OIG Investigates Freddie Mac's Inverse Floater Investments

By: Jann Swanson

Behind the public face of their business models Freddie Mac Fannie Mae produce, use, and invest in a variety of products to increase their profitability and minimize their risk. The various investment, funding, and hedging portfolios hold products of varying degrees of sophistication including unsecuritized mortgages, collateralized mortgage obligations (CMOs), mortgage-backed securities (MBS),  private label and commercial mortgage-backed securities (PLMBS, CMBS).  The hedging portfolios of the two government sponsored enterprises (GSEs) alone are valued at an aggregate of more the $1.4 trillion.

While generally profitable, some sections of the GSEs capital markets business have lost tens of billions of dollars since the GSEs were put into conservatorship under the Federal Housing Finance Agency (FHFA) in 2008.  Because of these losses the FHFA Office of Inspector General (OIG) initiated a series of evaluations of FHFA's oversight of the GSEs' capital market businesses.  On Wednesday OIG released the results of one evaluation, on FHFA's oversight of Freddie Mac's investment in reverse floaters.

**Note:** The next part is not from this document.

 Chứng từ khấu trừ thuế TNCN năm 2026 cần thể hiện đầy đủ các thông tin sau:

CMOs structured and marketed by Freddie Mac are a family of bonds.  Freddie Mac may tailor these products to the specific interests of investors and inverse floater investments are among the mortgage-related securities in which the Capital Markets Division invests.

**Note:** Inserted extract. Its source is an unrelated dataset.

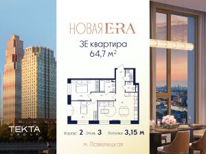3-комн. квартира в ЖК "Era" на 3 этаже в 33 этажном здании Корпус 2. Общая площадь: 64.7 кв.м., жилая: 38.20 кв.м. Высота потолков 3.15 м.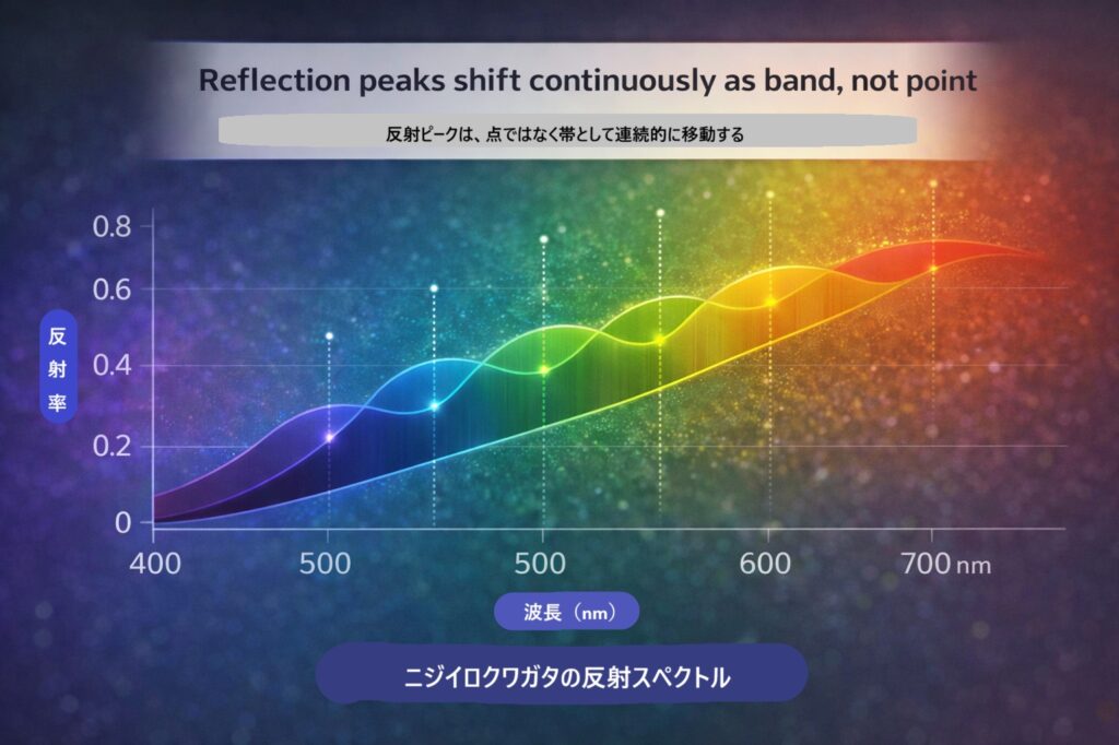 反射されやすい波長帯が少しずつ滑らかに移動している

Inverse floaters like a number of the mortgage-related investments held by the company benefit from a low interest rate environment with limited prepayments. This characteristic creates a potential tension between the Single-Family Credit Guarantee Business and the Capital Markets Division.

According to FHFA and Freddie Mac, as investor appetite for floating-rate bonds increased in the spring of 2010, Freddie Mac capitalized on the opportunity to charge a premium for structuring these bonds by carving them out of its securitized mortgages. In the process, it retained by-product variable rate bonds known as inverse floaters.  The OIG report contains a very clear and interesting explanation of inverse floater investments which can be read here.  Suffice it to say that investors in these instruments benefit when interest rates fall and that Freddie Mac retained a great number of these instruments in its own portfolio.

In late January 2012, these inverse floaters became the subject of significant attention. It was asserted that, because the value of inverse floaters decreases when the underlying mortgages are refinanced, Freddie Mac could deliberately limit loan refinancings in order to protect the value of its inverse floaters.

The OIG investigation uncovered no evidence that either FHFA or Freddie Mac obstructed homeowners' abilities to refinance their mortgages in an effort to influence the yields of the inverse floater retained by the company in its investment portfolio. OIG said that these floaters represent a small portion of Freddie Mac's capital markets portfolio and to the extent that tension exists between the company's refinancing and investment policies , the "floaters are no more likely to adversely impact mortgage holders or discourage borrower refinancing that any of the mortgages or other assets that Freddie Mac holds for investment."

Further, Freddie Mac has an 'information wall" policy to prevent its capital markets business from using non-public information to guide its investments and OIG found no evidence that individuals at Freddie Mac had breached the information wall.

While FHFA and its predecessor the Office of Federal Housing Enterprise Oversight (OFHEO) were aware of the inverse floater investments for at least ten years they did not involve themselves in managing operations of the Capital Markets Division.  However FHFA did begin a formal supervisory review of Freddie Mac's CMO business in April 2011.  Before the review was finished the media published stories about the GSE's retention of inverse floaters and FHFA made a series of public statements that could have been interpreted to imply that the company had abandoned the business in the spring of 2011 as part of a risk management strategy.  According to Freddie Mac, however, investor appetite for the floating-rate bonds evaporated around that time without specific action by Freddie Mac. 

OIG found that FHFA's position (that Freddie Mac should be not creating or investing these vehicles) could have been communicated more clearly. It also found that the public statement by FHFA emphasized its review of Freddie Mac's CMO business and noted that FHFA had reached an agreement with the company regarding reverse floaters in December 2011 which does not appear to be the case.  That Freddie Mac suspended the inverse floater portion of its business was not the result of a coordinated FHFA policy but rather the outcome of a broad examination of Freddie Mac's entire CMO business and several informal communications.

OIG made several recommendations resulting from its evaluation.  FHFA should:

1.         Continue to monitor the GSE's hedges and models to ensure its portfolio is hedged within its approved interest rate limits.

2.         Conduct periodic reviews and tests of Freddie Mac's information wall to confirm it is not trading on non-public information.

3.         Insure that supervisory policies are well founded and coordinated and that the Agency speaks with one voice.

4.         Confirm any new positions or any agreements with Freddie Mac promptly and in writing.

5.         Ensure that supervisory policies are based on the work of Agency personal and not reactions to media or other public scrutiny.

6.         Exercise due diligence to ensure public statements accurately reflect all relevant facts before they are released.